O preço do petróleo no mercado internacional subiu nesta segunda-feira (2), primeiro dia útil após a ofensiva militar dos Estados Unidos e de Israel contra o Irã. O ataque resultou na morte de centenas de pessoas, incluindo o líder supremo Ali Khamenei e outras autoridades de alto escalão do país.
Pouco depois das 12h, o barril do petróleo Brent era negociado em Londres a cerca de US$ 79, alta de 7,6%. O WTI, referência negociada em Nova York, era cotado a pouco mais de US$ 71, representando aumento de 6%.
No Brasil, as ações da Petrobras na B3 (Bolsa de São Paulo) subiram 3,90%, sendo negociadas a R$ 44,39, pouco antes das 13h.
Estreito de Ormuz e oferta global
O economista Rodolpho Sartori, da Austin Rating, explica que a alta do petróleo está ligada à situação do Estreito de Ormuz, passagem marítima estratégica entre o Golfo Pérsico e o Golfo de Omã, por onde passam cerca de 20% da produção mundial de petróleo e gás.
Segundo Sartori,
é o principal fator que faz o preço do petróleo explodir. Com o Estreito de Ormuz fechado, a oferta cai muito e, consequentemente, os preços sobem quase que de forma imediata”.
Ele lembra que no sábado, dia do ataque, centenas de embarcações ficaram ancoradas, impossibilitadas de atravessar o estreito.
O economista também destacou que o barril do Brent chegou a registrar alta de 13% nesta segunda, superando US$ 80.
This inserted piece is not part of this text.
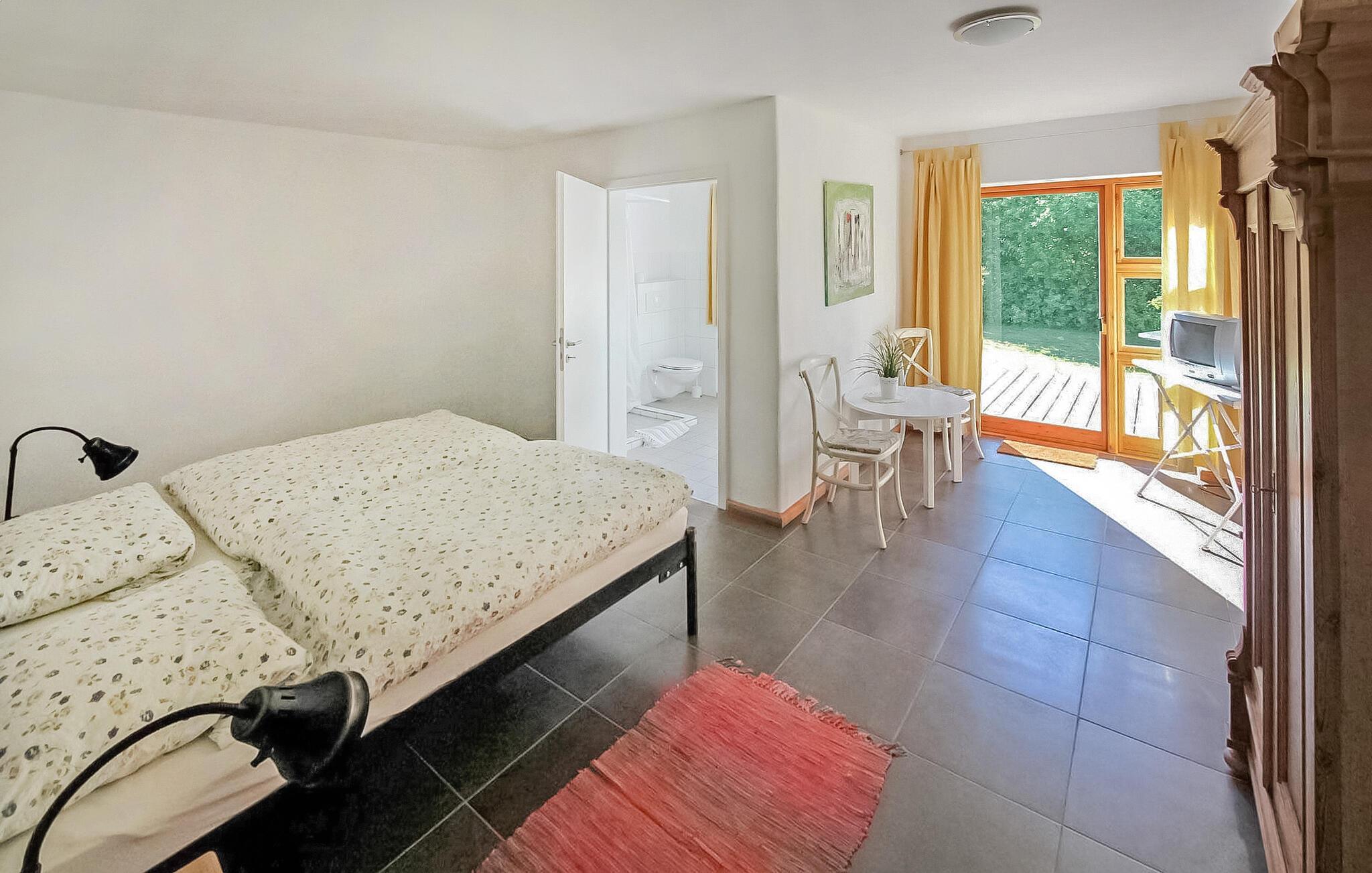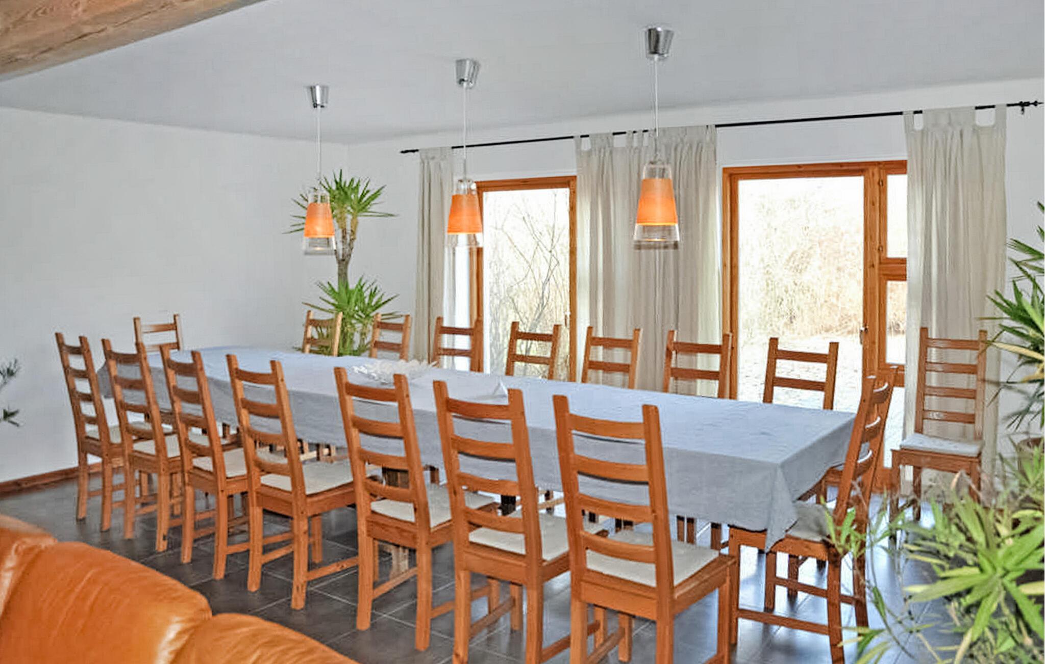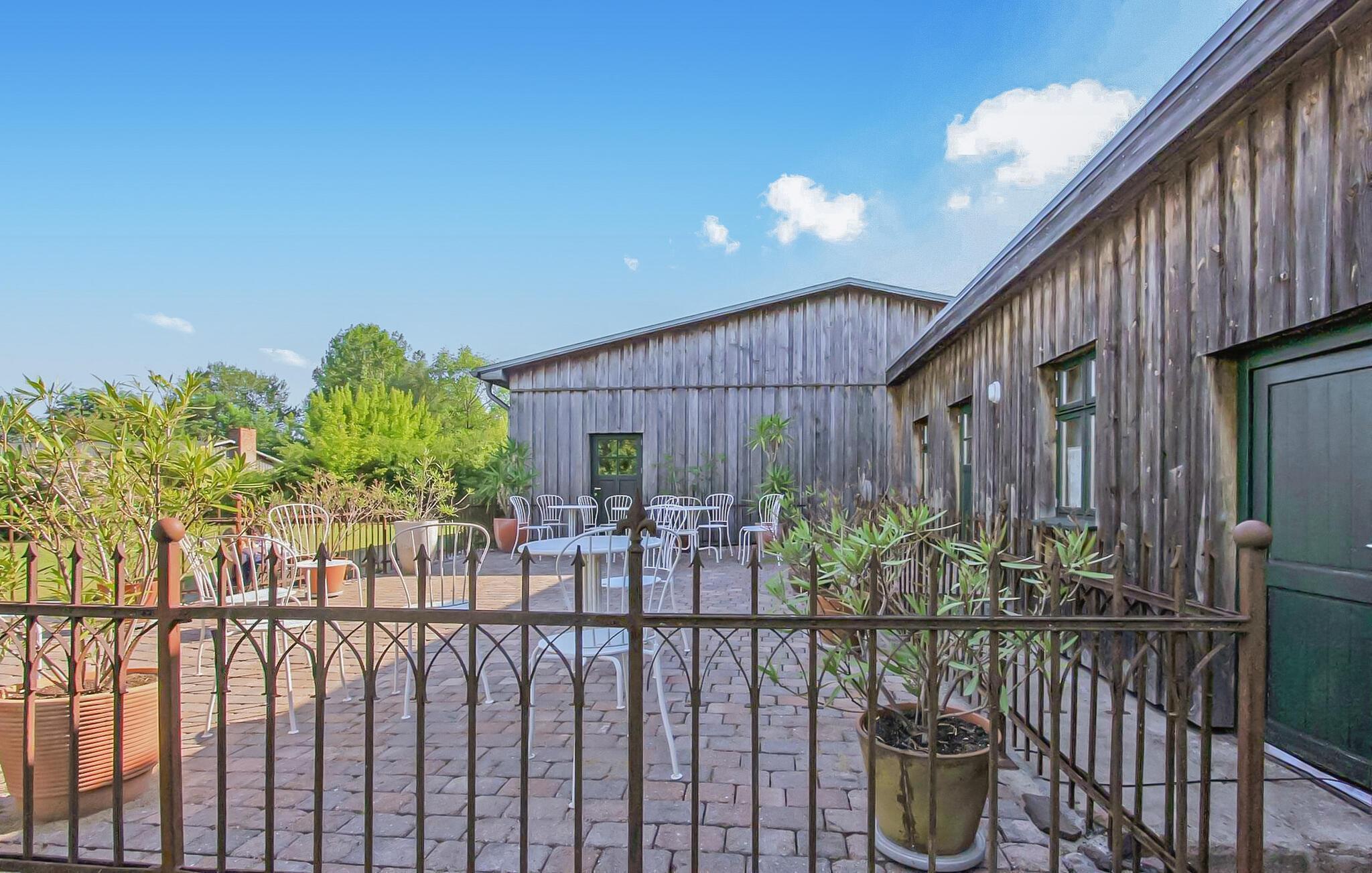 Gruppeejendommen er en del af en tidligere landbrugsejendom og ligger forholdsvis tilbagetrukket på en naturgrund på cirka 25.000 kvadratmeter. På den rummelige grund er der desuden en café, som er midlertidigt åben efter forespørgsel, og en ombygget lade, hvor der blandt andet finder sted kulturelle arrangementer. Ejendommen er ideel til mindre familiefester og grupper på op til 16 personer. Den består af det cirka 40 kvadratmeter store fællesrum med borde, stole og et sofasæt til 8 personer og et stort køkken med el-komfur, ovn, køleskab, opvaskemaskine, diverse små køkkenmaskiner, fade og ekstra siddepladser. En udendørs pejs kan bruges til at grille på den tilstødende store terrasse. Der er i alt 8 dobbeltværelser til rådighed for overnatning, som er udstyret med dobbeltseng, tv og badeværelse med bruser/toilet Fire værelser har desuden egen terrasse og er handicapvenlige. Der er tilstrækkelige parkeringspladser og forskellige siddepladser i den smukke, store have til rådighed for alle gæster. Der er også sauna og fysioterapifaciliteter på stedet, hvor der kan bestilles en række behandlinger. Den samlede pris inkluderer sengelinned, håndklæder, vand- og energiforbrug samt slutrengøring. Lehsten er en lille by midt i Mecklenburg Lake District, kun omkring 17 km fra Waren (Müritz) spa. Den skovklædte region er en populær destination, især for aktive feriegæster som vandrere og cyklister. Vandsportsentusiaster og lystfiskere får noget for pengene ved de mange søer. Fra Lehsten til den næste sø, Varchentin-søen, er der omkring 4 km. De nærmeste butikker, en restaurant og et bageri ligger 3 km derfra. Der er omkring 18 km til banegården, og der er en motorvejsforbindelse omkring 40 km. Mange kulturelle begivenheder finder sted i byen hvert år.I nærliggende Waren (Müritz), turistcentret i Mecklenburg Lake District, er der forskellige seværdigheder og attraktioner, såsom havnen, den historiske gamle bydel eller Müritzeum ferskvandsakvariet. Båd- og cykeludlejning, passagerbådsture, caféer, restauranter og forskellige indkøbsmuligheder er også placeret i byen.

“A alta é sintomática, pois expõe o quão volátil podem ser os preços em cenários de conflito. Enquanto o estreito permanecer fechado, os preços devem se manter elevados”, afirmou.
Problemas logísticos e impacto no Brasil
O gerente da tesouraria do Banco Daycoval, Otávio Oliveira, ressalta que a preocupação global não é a produção de petróleo, mas a logística do transporte. “A Opep tem capacidade produtiva ociosa suficiente para suprir o Irã se ele for retirado da equação produtiva, mas o Estreito de Ormuz é estreito, e um conflito pode fechá-lo, causando uma bagunça em toda a cadeia produtiva”, explicou.
Oliveira acrescenta que o Brasil, mesmo exportando petróleo, pode ser afetado pelo aumento do preço dos derivados importados.
Reflexos na inflação e Selic
Sartori alerta que a alta do petróleo pode pressionar a inflação e levar ao repasse de preços ao consumidor. O especialista também vê possibilidade de efeito sobre a política monetária.
“O conflito pode reduzir a magnitude do corte de juros planejado pelo Comitê de Política Monetária (Copom). Talvez o corte venha mais tímido, 0,25 ponto percentual em vez de 0,50”, disse Otávio Oliveira. Atualmente, a taxa Selic está em 15% ao ano.
Dólar em alta
O dólar também subiu nesta segunda-feira, interrompendo queda registrada nas últimas semanas, quando chegou ao menor valor em 21 meses. Por volta das 12h, a moeda era cotada a R$ 5,20, alta de aproximadamente 1%.
Segundo Oliveira, o movimento inicial reflete uma fuga de risco, em que investidores transferem recursos de países emergentes para economias mais consolidadas.
Sartori avalia que o comportamento do dólar está mais complexo.
Em outros períodos, crises geopolíticas valorizariam a moeda americana de forma abrupta, mas agora há mudanças de paradigma. É natural que haja repique no início do conflito, mas esperamos que o dólar oscile entre R$ 5,20 e R$ 5,25 nos próximos dias”, explicou.